Ahmad Herra, Gopakumar Jayakrishnan, Nachun Daniel C, Ma Lisa, D'Addabbo Jessica, Huang Xianxi, Koyano Tiffany, Boyd Jack, Woo Yi-Ping Joseph, Fong Robyn, Aalami Oliver, Nguyen Patricia K, Jaiswal Siddhartha
Department of Pathology, Stanford University, 300 Pasteur Drive, Stanford, CA 94305, USA.
Department of Cardiology, Charité Universitätsmedizin, Hindenburgdamm 30, 12203 Berlin, Germany.
Cardiovasc Res. 2025 Apr 29;121(3):396-404. doi: 10.1093/cvr/cvaf014.
Single-cell RNA sequencing (scRNA-seq) is a powerful method for exploring the cellular heterogeneity within human atheroma but typically requires fresh tissue to preserve cell membrane integrity, limiting the feasibility of large-scale biobanking for later analysis. The aim of this study was to determine whether cryopreservation of fragile and necrotic atheroma tissue affects the viability and transcriptomic profiles of haematopoietic cells in subsequent scRNA-seq analysis, enabling the use of cryopreserved atheroma samples for future research.
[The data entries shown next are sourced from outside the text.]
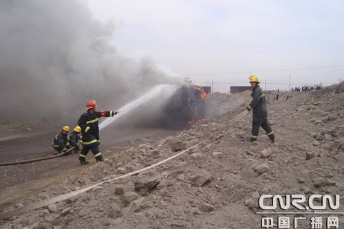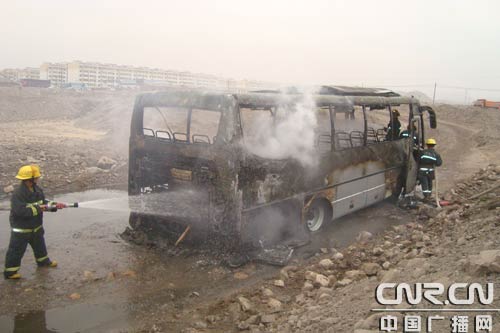 接到報(bào)警后,支隊(duì)當(dāng)日值班指揮長(zhǎng)迅速指派轄區(qū)消防一中隊(duì)出動(dòng)兩輛大噸位水罐車20名消防員前往火災(zāi)地點(diǎn)。消防官兵到達(dá)現(xiàn)場(chǎng)后,發(fā)現(xiàn)一輛車牌號(hào)為蒙M07468的大客車處于猛烈燃燒階段,在詢問(wèn)得知沒(méi)有人員被困后,消防中隊(duì)指揮員果斷下令,出2支水槍進(jìn)行滅火,一支水槍負(fù)責(zé)對(duì)準(zhǔn)該車起火部位右后側(cè)尾部出水,另一支水槍冷卻油箱,由于出動(dòng)及時(shí),戰(zhàn)術(shù)運(yùn)用恰當(dāng),整個(gè)滅火戰(zhàn)斗15分鐘結(jié)束,成功保護(hù)住了車輛前端部分,最大限度的挽救了財(cái)產(chǎn)。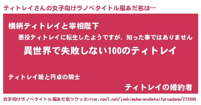 | 意味不明あだ名 | 『永久保存ティトレイ』『自称ティトレイ』 |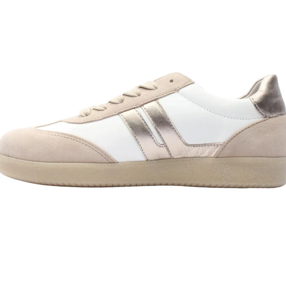 Step up your casual style with the Gabor 63300 Ladies Fashion Runner, a perfect blend of comfort and elegance. Crafted from premium white leather with beige suede, this stylish sneaker offers a soft and sophisticated look that pairs effortlessly with any outfit. Designed for all-day wear, it features a removable Best Fit leather insole, providing superior cushioning and support. The lightweight gum outsole ensures excellent grip and flexibility, making every step feel effortless. Whether you’re running errands or enjoying a casual day out, these fashion runners offer the perfect combination of style, comfort, and practicality.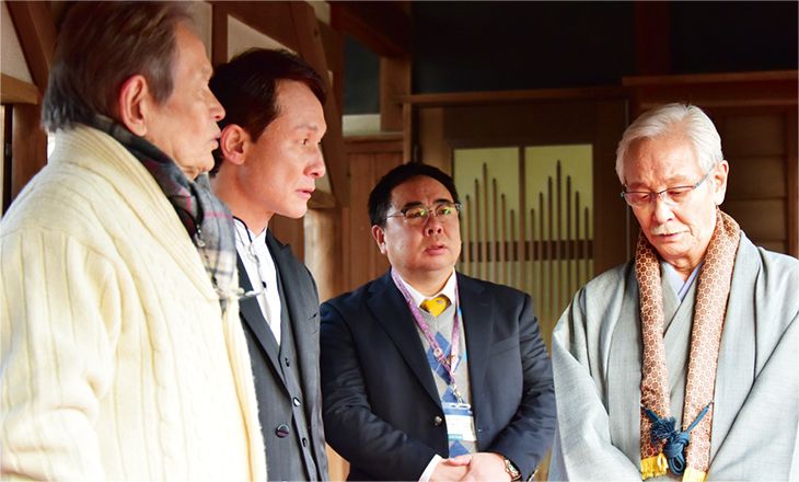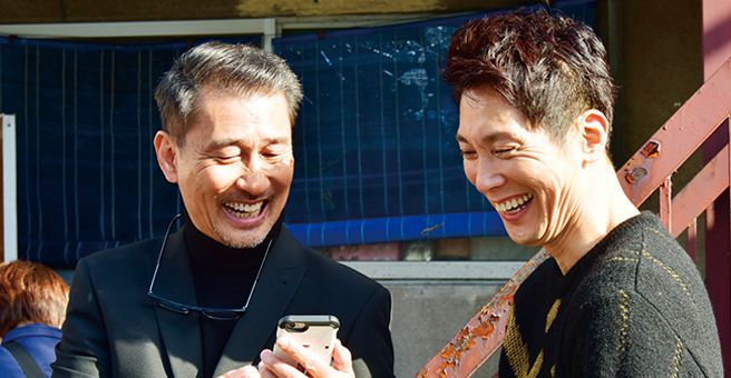 佐々木は「中井さんとご一緒させていただくのは、すごく安心感がありました。後輩にも先輩にも細かい気遣いを持って接してくださる方なので、撮影にあたっても委ねさせてもらうところが多かったです。現実でも役柄でも引っ張ってくださり、方向性を見せてくださる方です」と話す。一方、中井も「蔵之介君はとても良い共鳴をしてくれて、心地いい音で返してくれました」と共演しての手応えを語る。共演シーンの多い現場では、度々ふたりが談笑している様子もみられた。「大体どの現場でも、もう自分たちが一番上の世代になってきているけど、今回はそうではないね、なんて軽口を叩いたりしていました(笑)。この年になって、自分よりも上の世代の方が多い現場というのはなかなかないですからね。近藤正臣さん、芦屋小雁さん、寺田農さん、坂田利夫さんといった自分たちよりも気遣いをしてくれる先輩方がいらっしゃる現場は安心感がありました」と中井は微笑む。そんなふたりについて監督は、「何しろ撮影まで時間がなく、撮影日数も少ない現場でしたが、おふたりが作品の中のご自身の役割をとてもよく考えた上で臨んでくださり、シナリオへの理解も深く、演出する上で日々助けられました」と絶賛する。互いに対しても、全体に対しても、しっかりとコミュニケーションを取り合い、プロの仕事をする中井と佐々木だからこそ、短期決戦となった準備・撮影期間を乗り越え、最高の現場を作り上げたのだろう。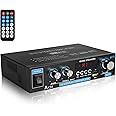 Stereo Audio Amplifier Bluetooth 5.0, 2.0 Channel Mini Stereo Receivers with Bass & Treble Control,Home Audio w/AUX, USB, SD Card Input,Remote Control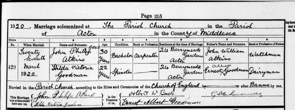 Hilda Victoria Goodman married John Philip Atkins on 27 March 1920.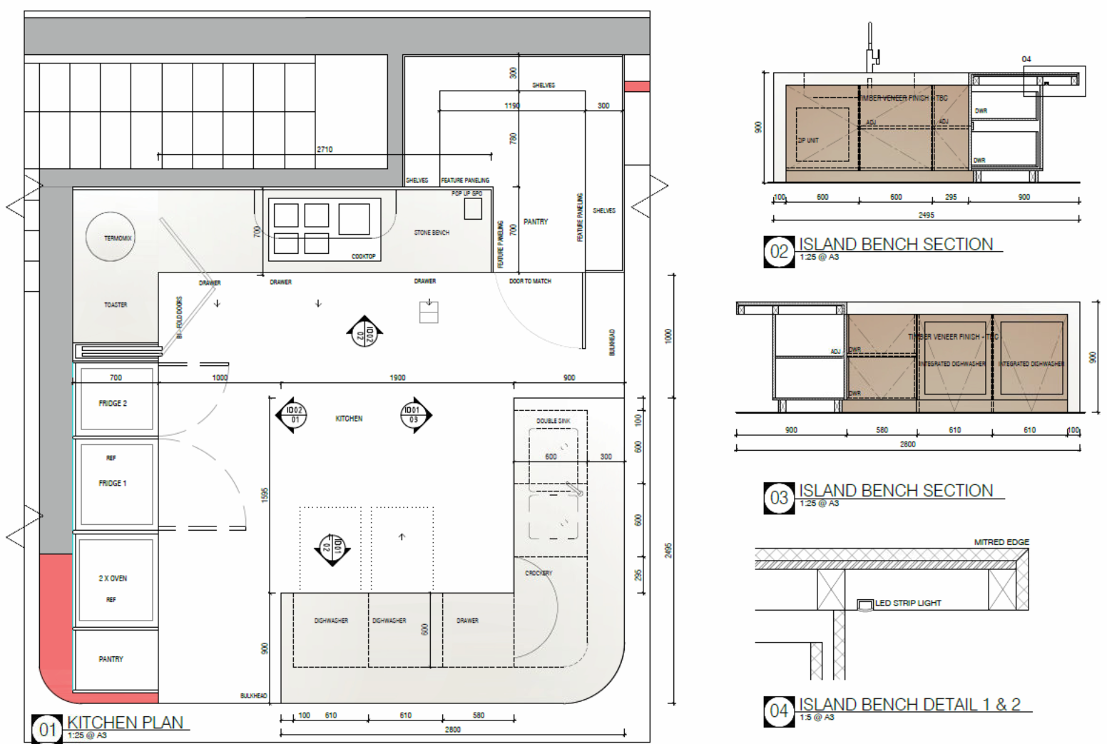 this is a kitchen floor plan and a tv joinery on the right hand side you can also see the island elevations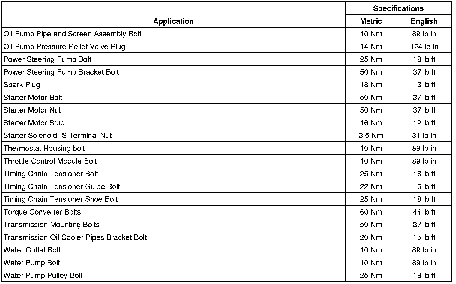 Fastener Tightening Specifications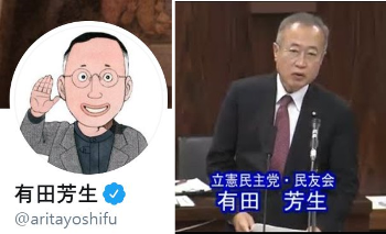 일본 입헌 민주당 의원 아리타 요시후(有田芳生)입니다.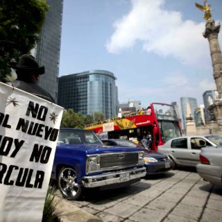 La manifestación, que inició esta mañana en el Ángel a la Independencia y concluyó con un mitin en el Hemiciclo a Juárez, fue en protesta por los cambios al "Hoy no circula", que, dijeron, perjudica a las personas que tienen menos recursos al no poder adquirir un auto de modelo reciente.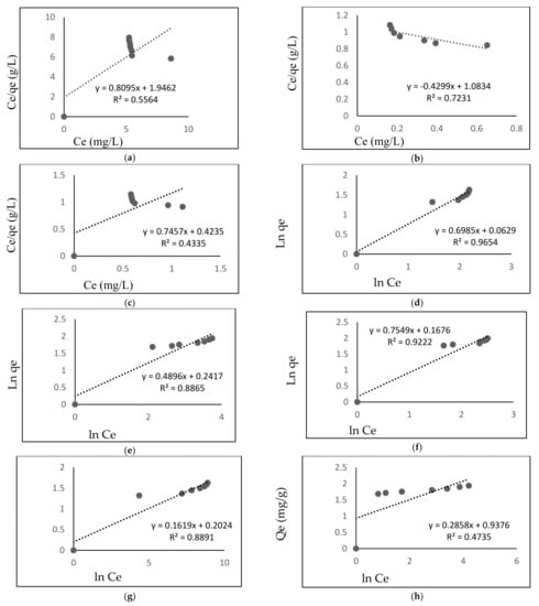 Based on the variance and difference in the related surface area and the adsorbent surface pore volume, KL = Langmuir constant interlinked with removal efficiency, which means that the greater and maximum adsorption potential is due to the huge surface area and massive amount of pores. If the adsorption process follows the isothermal model of Langmuir, the graph constructed in Figure 7a–c has a straight line (between Ce/qe and Ce). The values of the constants are given in Table 3 along with R2 values.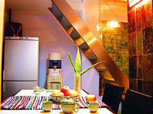 其實(shí)小亦有小的好處,假如是一個(gè)三口之家,一個(gè)六七平方米的門廳,沒(méi)有必要為求“大”而冒險(xiǎn)??梢园阉脑斐梢粋€(gè)很精致的餐廳,不要擺放過(guò)多的家具,但綠色植物必不可少,反而可能增添就餐時(shí)的融洽氛圍。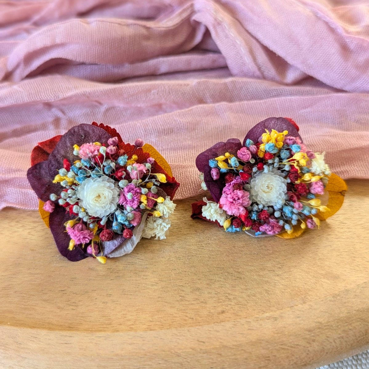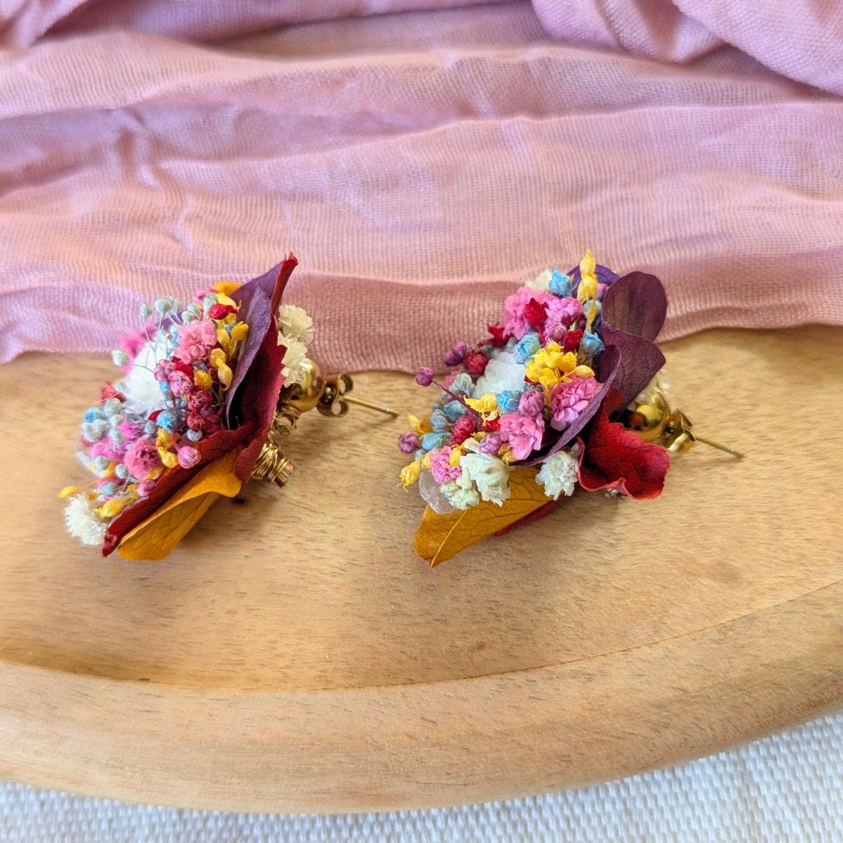 Boucles d’oreilles clou en fleurs stabilisées aux couleurs chatoyantes, Justine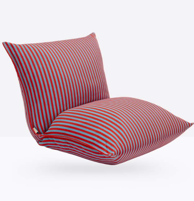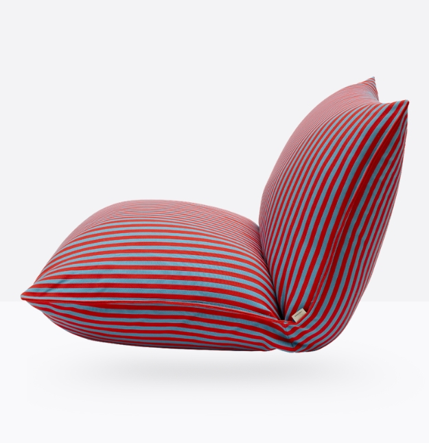 La collezione Brezza si arricchisce di un nuovo, inaspettato elemento: la poltrona imbottita Brezza Relax. Pensata per gli spazi outdoor, trae ispirazione dalla forma archetipica di due grandi cuscini che, accostati, creano una seduta con schienale dalla morfologia generosa e paffuta.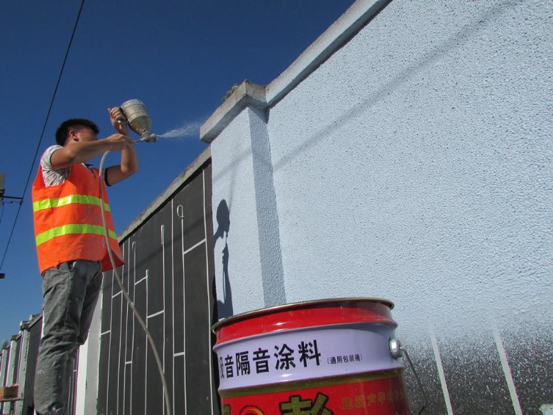 干透之后,再喷外墙吸音涂料。吸声材料的喷涂厚度不应小于5mm,吸声材料应一道一道的喷涂,每一道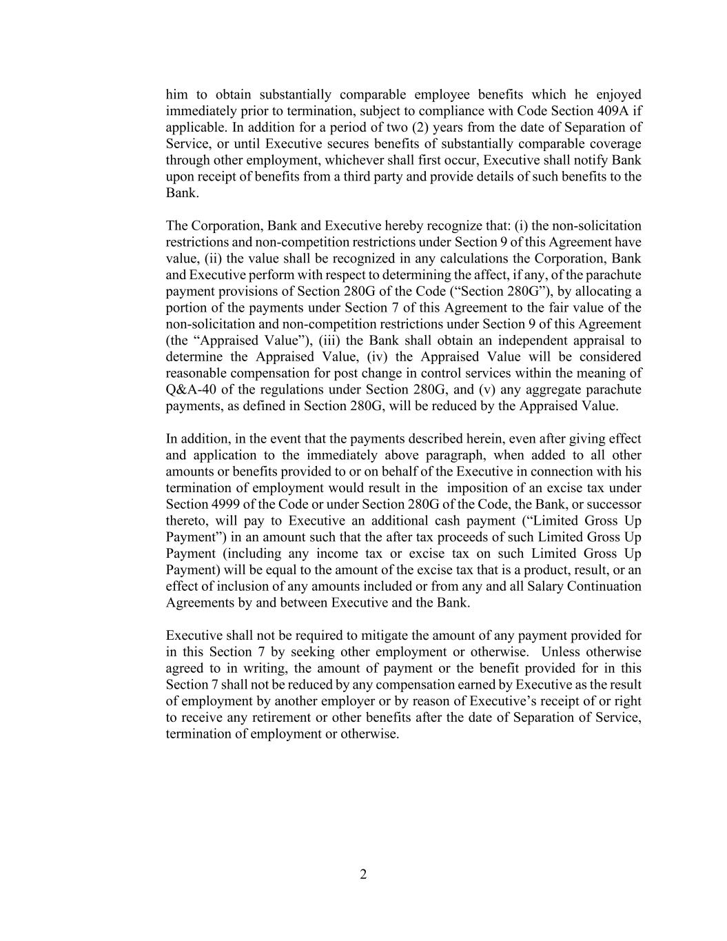 2 him to obtain substantially comparable employee benefits which he enjoyed immediately prior to termination, subject to compliance with Code Section 409A if applicable. In addition for a period of two (2) years from the date of Separation of Service, or until Executive secures benefits of substantially comparable coverage through other employment, whichever shall first occur, Executive shall notify Bank upon receipt of benefits from a third party and provide details of such benefits to the Bank. The Corporation, Bank and Executive hereby recognize that: (i) the non-solicitation restrictions and non-competition restrictions under Section 9 of this Agreement have value, (ii) the value shall be recognized in any calculations the Corporation, Bank and Executive perform with respect to determining the affect, if any, of the parachute payment provisions of Section 280G of the Code (“Section 280G”), by allocating a portion of the payments under Section 7 of this Agreement to the fair value of the non-solicitation and non-competition restrictions under Section 9 of this Agreement (the “Appraised Value”), (iii) the Bank shall obtain an independent appraisal to determine the Appraised Value, (iv) the Appraised Value will be considered reasonable compensation for post change in control services within the meaning of Q&A-40 of the regulations under Section 280G, and (v) any aggregate parachute payments, as defined in Section 280G, will be reduced by the Appraised Value. In addition, in the event that the payments described herein, even after giving effect and application to the immediately above paragraph, when added to all other amounts or benefits provided to or on behalf of the Executive in connection with his termination of employment would result in the imposition of an excise tax under Section 4999 of the Code or under Section 280G of the Code, the Bank, or successor thereto, will pay to Executive an additional cash payment (“Limited Gross Up Payment”) in an amount such that the after tax proceeds of such Limited Gross Up Payment (including any income tax or excise tax on such Limited Gross Up Payment) will be equal to the amount of the excise tax that is a product, result, or an effect of inclusion of any amounts included or from any and all Salary Continuation Agreements by and between Executive and the Bank. Executive shall not be required to mitigate the amount of any payment provided for in this Section 7 by seeking other employment or otherwise. Unless otherwise agreed to in writing, the amount of payment or the benefit provided for in this Section 7 shall not be reduced by any compensation earned by Executive as the result of employment by another employer or by reason of Executive’s receipt of or right to receive any retirement or other benefits after the date of Separation of Service, termination of employment or otherwise.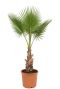 De Washingtonia Robusta is werkelijk een lust voor het oog met zijn mooie stam en grote ronde bladdelen. Goed beschermen tegen vorst. Deze waaierpalm kan ook als kuipplant gehouden worden en bij kou binnengehaald worden. Een mooie snelgroeiende palmboom.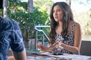 Der KunstraubKyra (Kimie Tsukakoshi, M.) und Imogen (Elizabeth Cullen, r.) haben ein Gemälde aus dem alten Lagerhaus in Bangkok ins Gangway-Café geholt. Sie vermuten, dass in dem Bild der dritte Schlüssel zum "Tempel des purpurnen Lotus" versteckt ist. Tayla (Miah Madden, l.) will Kyra und Imogen helfen, den Schlüssel zu finden.Bild: © ZDF und (c) 2020 Jonathan M. Shiff Productions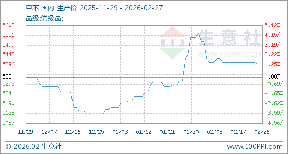 2月27日,生意社甲苯基准价为5400.00元/吨,与本月初(5540.00元/吨)相比,下降了2.53%。

We performed scRNA-seq on five paired fresh and cryopreserved atheroma samples-three from coronary arteries and two from carotid arteries. Each sample was enzymatically digested, sorted for CD45+ haematopoietic cells, and processed using the 10× Genomics scRNA-seq workflow. Half of each sample was processed immediately, while the other half was cryopreserved in liquid nitrogen for an average of 5 weeks before thawing and processing. In carotid artery samples, we noted the absence of LYVE1+ macrophages, likely due to the loss of the adventitial layer during endarterectomy procedures. Our results indicated that cryopreservation modestly affected cellular integrity, leading to an increase in the relative abundance of mitochondrial RNA in frozen samples. Minimal differences were observed between fresh and cryopreserved samples in uniquely detected transcripts, cell clustering, or transcriptional profiles within haematopoietic populations.
Our study demonstrates that cryopreserved human atheroma samples can be successfully profiled using scRNA-seq, with comparable transcriptomic data to that obtained from fresh samples. These findings suggest that cryopreservation is a viable method for biobanking atheroma tissues, facilitating large-scale studies without the need for immediate sample processing.
单细胞RNA测序(scRNA-seq)是探索人类动脉粥样硬化斑块内细胞异质性的有力方法,但通常需要新鲜组织来保持细胞膜完整性,这限制了大规模生物样本库用于后续分析的可行性。本研究的目的是确定脆弱和坏死的动脉粥样硬化斑块组织的冷冻保存是否会影响后续scRNA-seq分析中造血细胞的活力和转录组图谱,从而使冷冻保存的动脉粥样硬化斑块样本可用于未来研究。
我们对五对新鲜和冷冻保存的动脉粥样硬化斑块样本进行了scRNA-seq分析,其中三对来自冠状动脉,两对来自颈动脉。每个样本经酶消化后,分选CD45+造血细胞,并使用10×基因组学scRNA-seq工作流程进行处理。每个样本的一半立即进行处理,另一半在液氮中冷冻保存平均5周后解冻并处理。在颈动脉样本中,我们注意到缺乏LYVE1+巨噬细胞,这可能是由于内膜切除术过程中外膜层的丢失。我们的结果表明,冷冻保存对细胞完整性有适度影响,导致冷冻样本中线粒体RNA的相对丰度增加。在造血群体中,新鲜样本和冷冻保存样本在独特检测的转录本、细胞聚类或转录图谱方面观察到的差异极小。
我们的研究表明,冷冻保存的人类动脉粥样硬化斑块样本可以通过scRNA-seq成功进行分析,转录组数据与新鲜样本相当。这些发现表明,冷冻保存是一种可行的动脉粥样硬化斑块组织生物样本库方法,有助于大规模研究,而无需立即进行样本处理。